Gene Therapy

Pfizer is committed to leading in this space by bringing together the foremost expertise in gene therapy vector design and development with in-house knowledge of disease biology and manufacturing capabilities. We currently have 3 industry-leading phase 3 clinical gene therapy programs and have invested over $800M to expand our AAV manufacturing capacity.
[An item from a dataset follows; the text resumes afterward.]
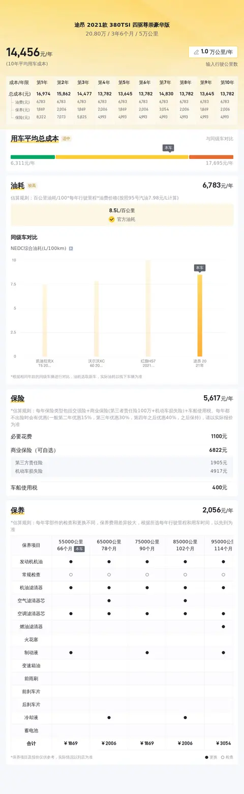 当然,买车不是一阵子的事,而是要考虑长期使用成本,根据大数据分析,这辆车的10年平均用车成本约为14173元/年,这个用车成本在同级别中处于适中的水平,是可以接受的。

We have entered into multiple gene therapy collaborations, each of which is an important part of our continuing effort to build our gene therapy programs and capabilities. We see gene therapy as a key pillar of our Rare Disease strategy. In addition, we are interested in the application of gene therapy to select central nervous system (CNS), neuromuscular,heart, renal, hematology and metabolic diseases. We are also seeking tissue-selective and tunable expression promoter technologies, as well as vector analytics and immune surveillance approaches, and in-vivo gene editing technologies.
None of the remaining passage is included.